WHAT THIS TASK INVOLVES =>
Give back exactly the lines of the data below, starting with the line that has "1. Способ экстракции" and going on through the line that has "The USB A male".

(Items from a data source)
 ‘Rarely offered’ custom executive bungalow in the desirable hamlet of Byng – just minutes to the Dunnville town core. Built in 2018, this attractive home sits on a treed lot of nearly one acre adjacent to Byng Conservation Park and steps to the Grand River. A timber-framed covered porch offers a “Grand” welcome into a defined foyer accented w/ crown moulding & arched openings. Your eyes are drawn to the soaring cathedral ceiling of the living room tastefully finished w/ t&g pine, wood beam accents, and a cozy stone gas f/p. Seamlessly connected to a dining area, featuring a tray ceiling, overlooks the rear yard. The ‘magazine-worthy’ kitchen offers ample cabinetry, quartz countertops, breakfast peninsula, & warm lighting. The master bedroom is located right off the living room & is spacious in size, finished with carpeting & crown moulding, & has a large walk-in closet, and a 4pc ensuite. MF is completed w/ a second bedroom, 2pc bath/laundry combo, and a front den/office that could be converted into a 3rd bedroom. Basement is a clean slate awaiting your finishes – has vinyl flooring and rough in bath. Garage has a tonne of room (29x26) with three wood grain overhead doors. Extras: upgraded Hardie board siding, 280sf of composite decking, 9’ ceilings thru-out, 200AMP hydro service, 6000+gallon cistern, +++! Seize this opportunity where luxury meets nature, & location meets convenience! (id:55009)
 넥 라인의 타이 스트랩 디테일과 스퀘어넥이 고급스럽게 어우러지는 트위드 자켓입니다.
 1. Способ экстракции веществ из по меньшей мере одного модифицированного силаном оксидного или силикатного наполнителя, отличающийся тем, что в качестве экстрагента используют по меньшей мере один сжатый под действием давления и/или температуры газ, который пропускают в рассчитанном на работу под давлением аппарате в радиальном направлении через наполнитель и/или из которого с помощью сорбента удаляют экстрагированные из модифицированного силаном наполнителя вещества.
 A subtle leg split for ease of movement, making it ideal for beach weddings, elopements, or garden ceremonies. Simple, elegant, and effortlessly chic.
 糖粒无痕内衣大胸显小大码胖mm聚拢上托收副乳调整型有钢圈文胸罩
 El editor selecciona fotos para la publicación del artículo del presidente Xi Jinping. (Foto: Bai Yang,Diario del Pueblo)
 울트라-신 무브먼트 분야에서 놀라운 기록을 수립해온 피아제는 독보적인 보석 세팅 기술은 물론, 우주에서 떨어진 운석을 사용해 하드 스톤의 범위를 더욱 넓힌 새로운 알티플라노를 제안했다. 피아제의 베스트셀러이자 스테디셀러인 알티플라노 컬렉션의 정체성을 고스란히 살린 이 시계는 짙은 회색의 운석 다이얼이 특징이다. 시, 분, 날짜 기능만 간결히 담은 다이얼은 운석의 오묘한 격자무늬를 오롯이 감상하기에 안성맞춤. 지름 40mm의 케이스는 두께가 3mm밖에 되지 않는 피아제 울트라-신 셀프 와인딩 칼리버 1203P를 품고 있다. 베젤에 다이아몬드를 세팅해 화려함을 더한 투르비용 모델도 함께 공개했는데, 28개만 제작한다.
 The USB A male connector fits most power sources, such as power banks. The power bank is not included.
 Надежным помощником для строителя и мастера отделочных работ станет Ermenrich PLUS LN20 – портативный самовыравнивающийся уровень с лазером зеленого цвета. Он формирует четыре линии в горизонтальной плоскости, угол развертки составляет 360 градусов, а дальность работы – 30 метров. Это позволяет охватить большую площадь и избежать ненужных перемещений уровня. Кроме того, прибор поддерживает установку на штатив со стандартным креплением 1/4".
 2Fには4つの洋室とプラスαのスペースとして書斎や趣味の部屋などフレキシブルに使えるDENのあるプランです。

SOLUTION FOR THIS EXERCISE =>
 1. Способ экстракции веществ из по меньшей мере одного модифицированного силаном оксидного или силикатного наполнителя, отличающийся тем, что в качестве экстрагента используют по меньшей мере один сжатый под действием давления и/или температуры газ, который пропускают в рассчитанном на работу под давлением аппарате в радиальном направлении через наполнитель и/или из которого с помощью сорбента удаляют экстрагированные из модифицированного силаном наполнителя вещества.
 A subtle leg split for ease of movement, making it ideal for beach weddings, elopements, or garden ceremonies. Simple, elegant, and effortlessly chic.
 糖粒无痕内衣大胸显小大码胖mm聚拢上托收副乳调整型有钢圈文胸罩
 El editor selecciona fotos para la publicación del artículo del presidente Xi Jinping. (Foto: Bai Yang,Diario del Pueblo)
 울트라-신 무브먼트 분야에서 놀라운 기록을 수립해온 피아제는 독보적인 보석 세팅 기술은 물론, 우주에서 떨어진 운석을 사용해 하드 스톤의 범위를 더욱 넓힌 새로운 알티플라노를 제안했다. 피아제의 베스트셀러이자 스테디셀러인 알티플라노 컬렉션의 정체성을 고스란히 살린 이 시계는 짙은 회색의 운석 다이얼이 특징이다. 시, 분, 날짜 기능만 간결히 담은 다이얼은 운석의 오묘한 격자무늬를 오롯이 감상하기에 안성맞춤. 지름 40mm의 케이스는 두께가 3mm밖에 되지 않는 피아제 울트라-신 셀프 와인딩 칼리버 1203P를 품고 있다. 베젤에 다이아몬드를 세팅해 화려함을 더한 투르비용 모델도 함께 공개했는데, 28개만 제작한다.
 The USB A male connector fits most power sources, such as power banks. The power bank is not included.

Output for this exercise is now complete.